L'AfD en tête des sondages avant les élections de Saxe-Anhalt, les rivaux envisagent des options de coalition minoritaire
Les sondages avant le scrutin du 6 septembre en Saxe-Anhalt placent l'AfD autour de 40 % et la CDU à 23 %, ouvrant la voie à des négociations complexes sur une éventuelle gouvernance minoritaire à Magdebourg.
Paysage électoral avant le scrutin
Les électeurs de Saxe-Anhalt éliront un nouveau parlement régional le 6 septembre 2026. Un sondage de Forschungsgruppe Wahlen auprès de 1 053 électeurs place l'Alternative pour l'Allemagne (AfD), menée par Ulrich Siegmund, en tête avec 40 % des voix. L'Union chrétienne-démocrate (CDU) du ministre-président Sven Schulze suit avec 23 %. Die Linke obtient 13 %, le Parti social-démocrate (SPD) 9 % et les Verts 6 %. L'Alliance Sahra Wagenknecht (BSW) et le Parti libéral-démocrate (FDP) recueillent chacun 3 %, sous le seuil des 5 % requis pour entrer au parlement régional. Un sondage distinct d'Infratest dimap auprès d'environ 1 500 électeurs place l'AfD à 42 % et la CDU à 22 %.
- AfD
- 40 %
- CDU
- 23 %
- Die Linke
- 13 %
- SPD
- 9 %
- Grüne
- 6 %
- BSW
- 3 %
- FDP
- 3 %
- Autres
- 3 %
Répartition des sièges et vote tactique
L'AfD, classée par le service de renseignement intérieur régional comme extrémiste de droite avéré, vise une majorité absolue des sièges pour gouverner seule. Le politologue Benjamin Höhne note que l'AfD a besoin de moins de voix pour obtenir une majorité de sièges si les petits partis ne franchissent pas la barre des 5 %. Le politologue Werner Krause observe qu'un vote tactique pourrait déplacer le soutien vers les petits partis pour assurer leur entrée au parlement, augmentant ainsi le nombre total de sièges répartis entre les factions concurrentes. Lors des élections régionales de 2021, la CDU avait obtenu 37,1 % contre 20,8 % pour l'AfD, mais les sondeurs n'observent pas de dynamique comparable cette fois-ci, l'AfD ayant maintenu une avance confortable dans tous les sondages.
- CDU
- 37.1 %
- AfD
- 20.8 %
- Die Linke
- 11 %
- SPD
- 8.4 %
- FDP
- 6.4 %
- Grüne
- 5.9 %
- Autres
- 10.4 %
Dilemmes de coalition et modèles minoritaires
Tous les autres partis susceptibles d'être représentés au Landtag ont exclu de former une coalition officielle avec l'AfD. La coalition gouvernementale actuelle (CDU, SPD et FDP) ne détiendra pas la majorité si le FDP ne parvient pas à entrer au parlement et si les sondages se confirment. Un scénario possible est un gouvernement minoritaire dirigé par la CDU avec le SPD et les Verts, soutenu au cas par cas par Die Linke. Cependant, des figures importantes de la CDU ont exprimé leur opposition à une dépendance aux voix de Die Linke. L'ancien ministre régional de la CDU Karl-Heinz Daehre a rejeté une telle dépendance lors des discussions de campagne.
Nous ne sommes pas descendus dans la rue en 1989 pour que la gauche revienne aujourd'hui au pouvoir.
Nico Elsner, président régional de la Junge Union, a proposé d'adopter des lois avec les voix de l'AfD plutôt que de compter sur la gauche, tout en maintenant son opposition à une coalition formelle.

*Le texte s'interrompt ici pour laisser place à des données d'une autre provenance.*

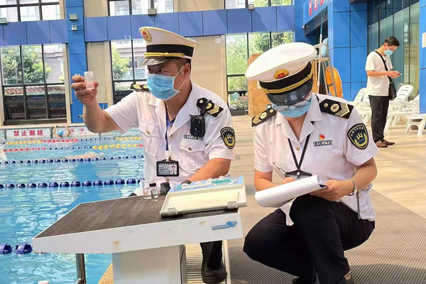 衛(wèi)生監(jiān)督員檢查游泳場所衛(wèi)生現(xiàn)場。榮昌區(qū)衛(wèi)生健康執(zhí)法支隊供圖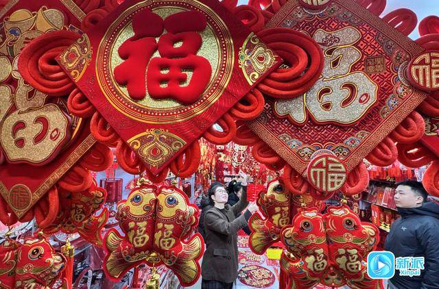 新派讯12月3日,在潍坊商品城,市民正在选购新年饰品。随着新年临近,市场迎来新年饰品的销售旺季,各种喜庆、吉祥的新年饰品琳琅满目,现场处处洋溢着欢乐喜庆的氛围。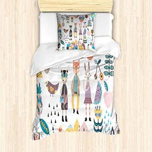 Karikatur Bettbezug Set für Einzelbetten, Fox Hase und Bär, Milbensicher Allergiker geeignet mit Kissenbezug, 135 cm x 200 cm - 80 x 80 cm, Mehrfarbig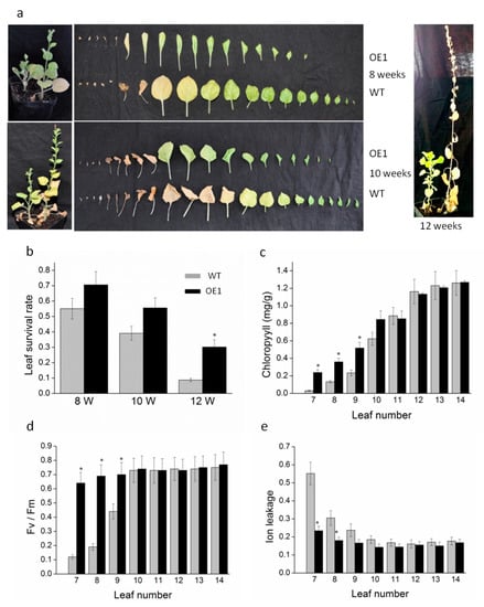 DRL1-over-expression delayed leaf senescence. (a) The phenotype of transgenic and wild-type (WT) tobacco plants at 8, 10, and 12 weeks. (b–e) Physiological analyses of leaves from transgenic plants. Leaf survival rate (b), chlorophyll concentration (c), ion leakage (d), and Fv/Fm ratio (e) were measured in WT and transgenic plants of the same age. Bars represent mean ± SD. Significant difference from the WT was confirmed by Tukey’s test [,] (* p < 0.05).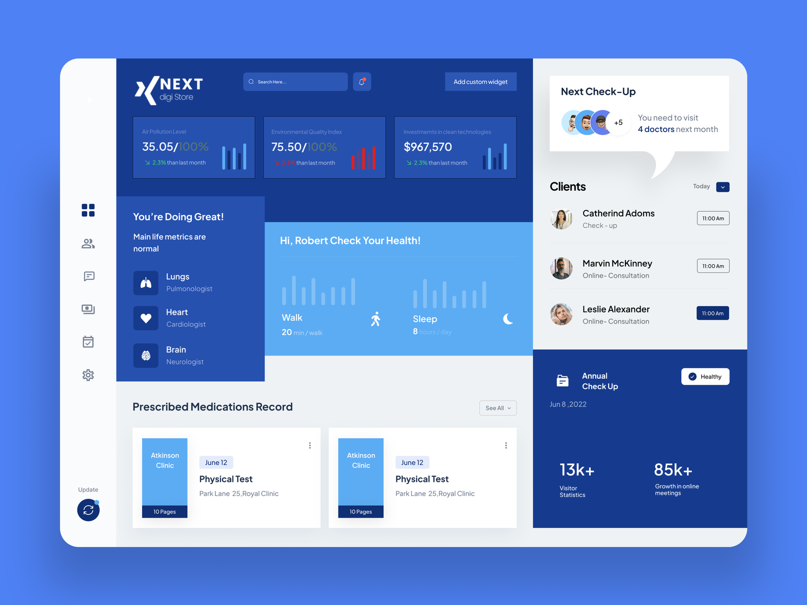 A modern and intuitive Medical Dashboard UI template designed for managing healthcare data, patient statistics, and medical analytics. With a clean layout and easy-to-read visual components, this dashboard is ideal for hospitals, clinics, healthcare systems, and medical management platforms. Available in Figma format, it allows designers and developers to quickly customize layouts and build efficient, data-driven medical dashboards.

Une chose juste ne devient pas injuste parce que les mauvaises personnes sont d'accord avec elle.
Sentiment des électeurs et cotes de popularité
Le sentiment du public concernant la direction exécutive diverge des sondages sur les partis. Un sondage de Forschungsgruppe Wahlen indique que 50 % des personnes interrogées préfèrent un gouvernement régional dirigé par la CDU, contre 35 % qui favorisent une administration menée par l'AfD. Le ministre-président sortant Sven Schulze, en fonction depuis sept mois, obtient un taux de satisfaction de 30 % contre 46 % d'insatisfaits. La performance du gouvernement sous la CDU a reçu une note moyenne de moins 0,6 sur une échelle de onze points, tandis que l'opposition de l'AfD a obtenu moins 0,9. De plus, 31 % des électeurs interrogés déclarent être encore indécis ou ne pas avoir choisi de participer.